The magnetic powder micrograph above shows the fine, spherical 2-14-1 permanent magnet alloy powders produced by argon gas atomization at Ames Laboratory.

Meeting that challenge, Anderson, McCallum and Kramer designed an alloy that replaces pure neodymium with a mixed rare earth. "We used a combination of neodymium, yttrium and dysprosium because they all form 2-14-1 crystal structures," said Anderson.

"Together they have much less degradation of their magnetic properties with temperature due to the influence of the yttrium and dysprosium. Our concept, put forth in our patent application, is that the mixed rare earth 2-14-1 phase would have a lower temperature coefficient." (The relative change of a physical property, e.g., coercivity, when the temperature is changed by 1-degree Kelvin.)

Once they had tweaked the new alloy to perfection, the next thing the researchers did was process it in a fine, spherical powder form using gas atomization, a technique in which kinetic energy from supersonic jets of gas is transferred to a stream of liquid metal, causing it to break up into droplets.

"Our method best fits the needs of the automobile industry because they want to make their motors by a very high-volume manufacturing process, and that method is injection molding," explained Anderson. (Injection molding is a process for forming objects from a blended mixture of plastic and metal powder by heating this molding compound to a fluid state and injecting it into a mold.)

Stressing the importance of being able to use the injection-molding manufacturing process, Anderson said, "Currently, each magnet making up the magnet array in an electric motor is glued in by hand. "That's fine for small runs of 50,000 automobiles, but try doing that for the millions of cars with electric drive motors - one for the front and one for the back - that consumers will want to buy in the next 10 years," he said. "It's not going to work."

Anderson and his colleagues have been refining and pushing the 2-14-1 alloy composition to be more suitable for the rapid solidification that happens in the atomized powder droplets and ultimately for the injection-molding process.

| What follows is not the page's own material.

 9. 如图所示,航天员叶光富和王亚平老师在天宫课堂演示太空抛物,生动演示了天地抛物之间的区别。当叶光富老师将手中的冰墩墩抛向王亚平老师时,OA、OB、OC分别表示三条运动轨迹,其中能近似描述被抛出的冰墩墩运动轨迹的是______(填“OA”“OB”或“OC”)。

"We've succeeded in getting very nice properties for these fine spherical powders," he said. He noted that in comparing their powders to spherical commercial powders of larger size, he and his colleagues look at the "crossover in temperature" at which the properties of their magnet powders become better than the commercial powders for higher temperature uses. "It used to be 175 C," he said, "but now we've moved that crossover temperature down to the neighborhood of 75 C, which is a tremendous accomplishment - we're very happy about that."

Anderson said they now have what they think is a really good alloy, and also have switched from helium gas to argon gas in the atomization process, which makes the powder-making process a lot cheaper. "That's a move in the right direction for the purposes of commercialization," he said, "and that's what we've been driving for."

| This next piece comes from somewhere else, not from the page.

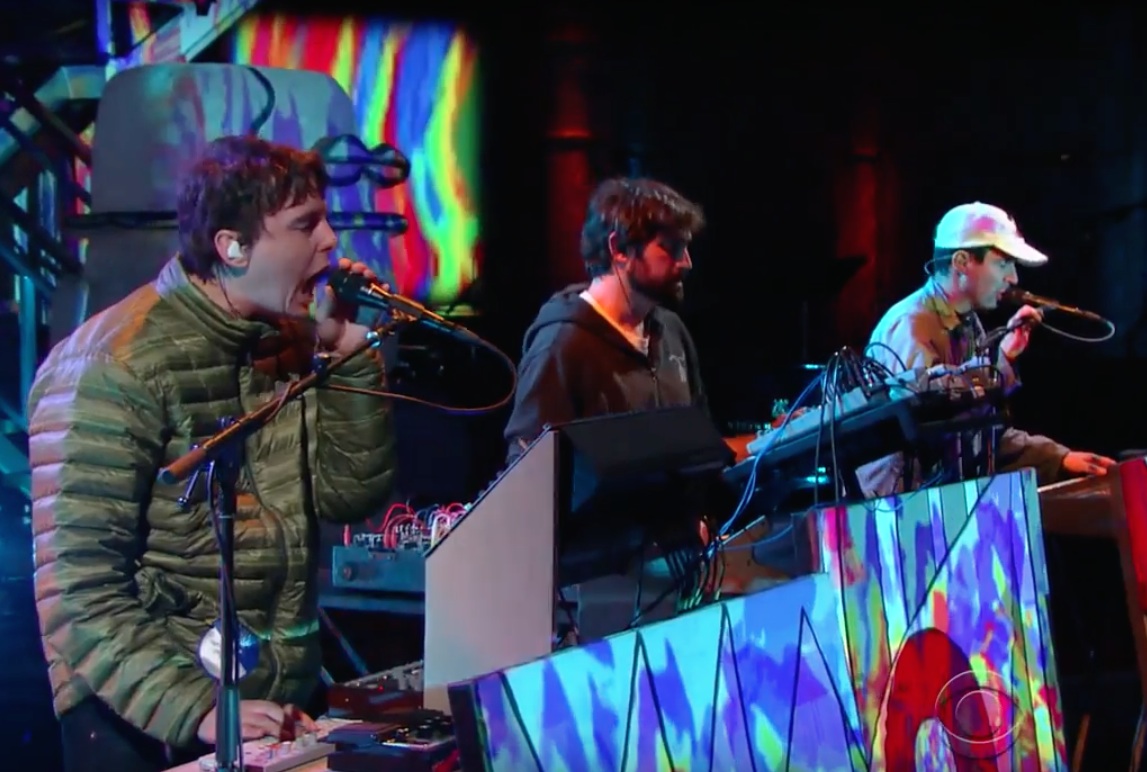 It already feels a million years old, thanks to a months-long onslaught of huge album releases, but Animal Collective's grand return Painting With is a 2016 album, and they're still out promoting it. Last night, AnCo served as musical guests on the Late Show With Stephen Colbert, where they performed the album's antic first single "FloriDada." All three regular members perched behind banks of electronics, with a drummer behind them, harmonizing furiously while trippy light patterns swirled all around them. The huge fake Easter Island heads that are part of their current live show also made it onstage. Watch the performance below.

Reflecting on the goals of the Vehicle Technologies Program at Ames, Anderson said, "We need to support our auto companies and help them develop better products. We can do that by getting things worked out at the basic science end - that's our job."

Summing up the effort he and his colleagues have made in that regard, he added, "You can think of this alloy design work as the fundamental end of extending the temperature range of 2-14-1 magnet alloys. Then, we're also working on the process end, which is a fundamental rapid solidification effort to develop the solidified microstructure that will carry the best magnetic properties over in a form that can be mass-produced. You can call this 'use-inspired' research, for sure. And there's an urgent need for this in our society.